╭─ Dataset content

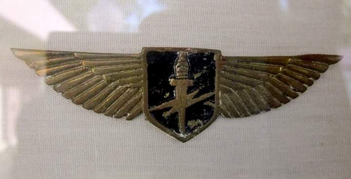 Special Group Badge. Special Group was a part of the Special Frontier Force. This is the older badge of SG.
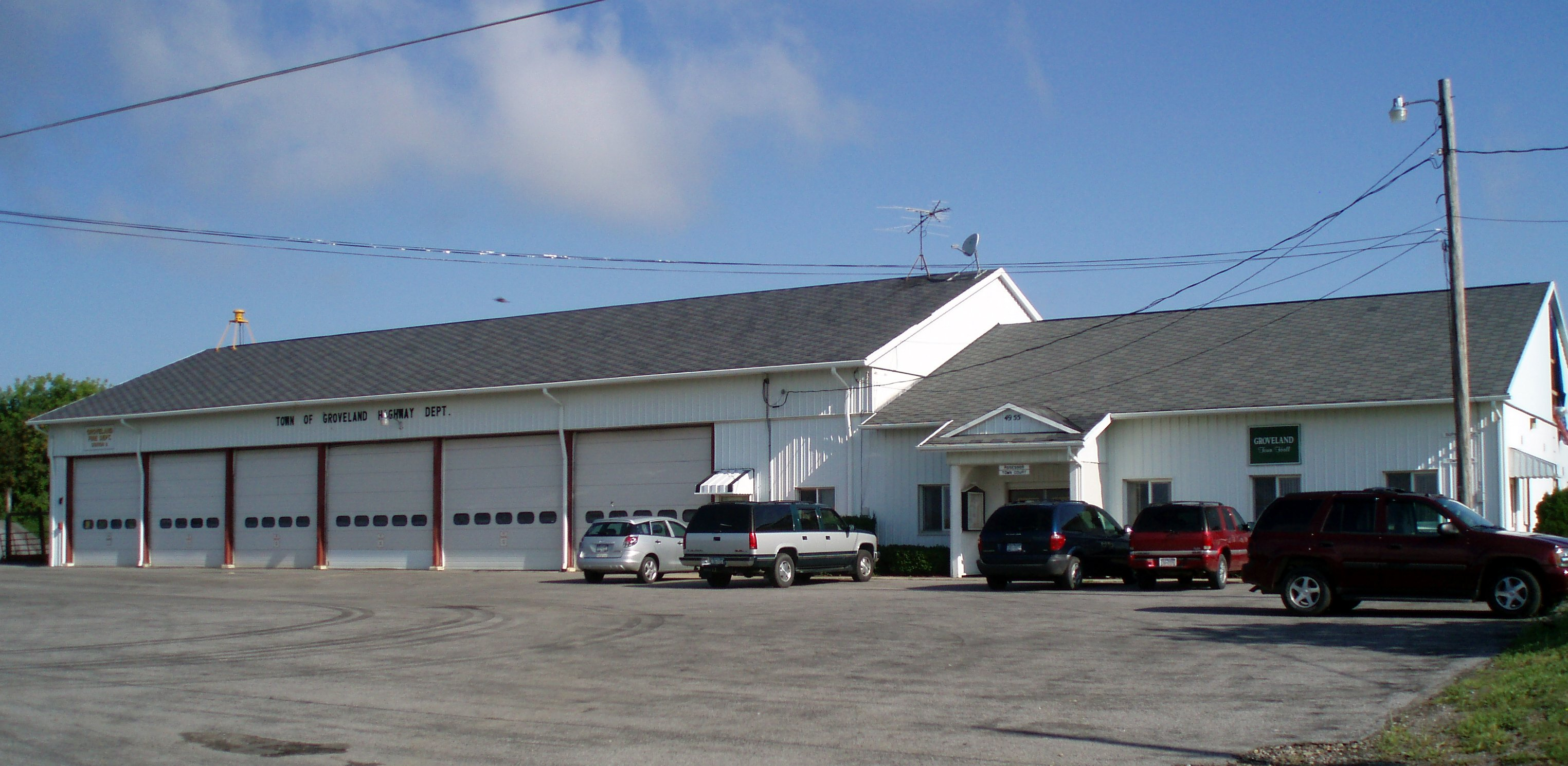 Picture of the Groveland Town Hall in the town of Groveland, NY. Includes the Town Assessor, Town Court, Town Clerk, and Groveland Volunteer Fire Department Station 2
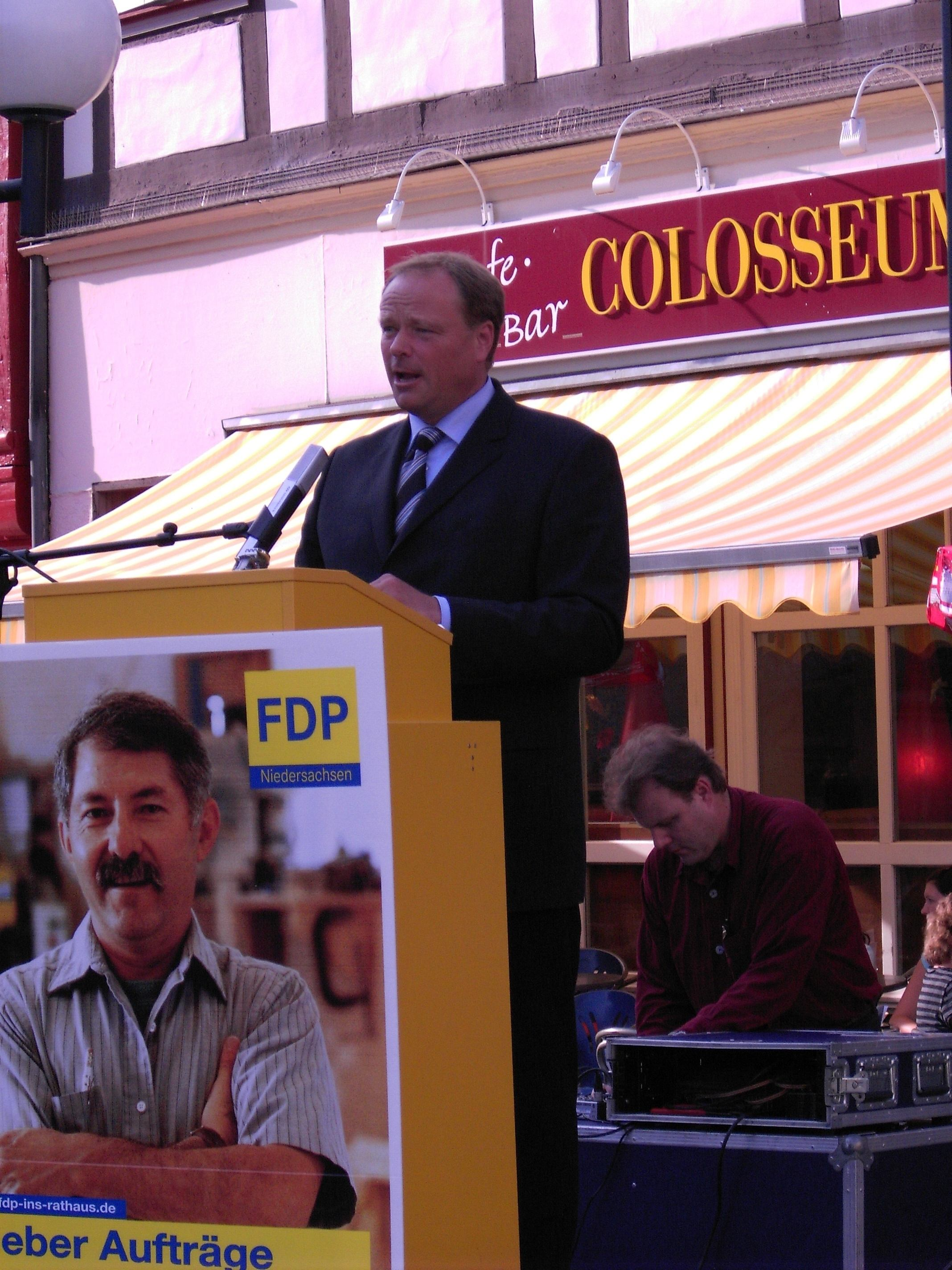 Dirk Niebel, secretary general of the FDP (liberal party), speaks at the start of the municipal election campaign in Lower Saxony at the main market in Göttingen, 17th August 2006.

╰─

Everything in the listing should be repeated exactly except the pictures.

 Special Group Badge. Special Group was a part of the Special Frontier Force. This is the older badge of SG.
 Picture of the Groveland Town Hall in the town of Groveland, NY. Includes the Town Assessor, Town Court, Town Clerk, and Groveland Volunteer Fire Department Station 2
 Dirk Niebel, secretary general of the FDP (liberal party), speaks at the start of the municipal election campaign in Lower Saxony at the main market in Göttingen, 17th August 2006.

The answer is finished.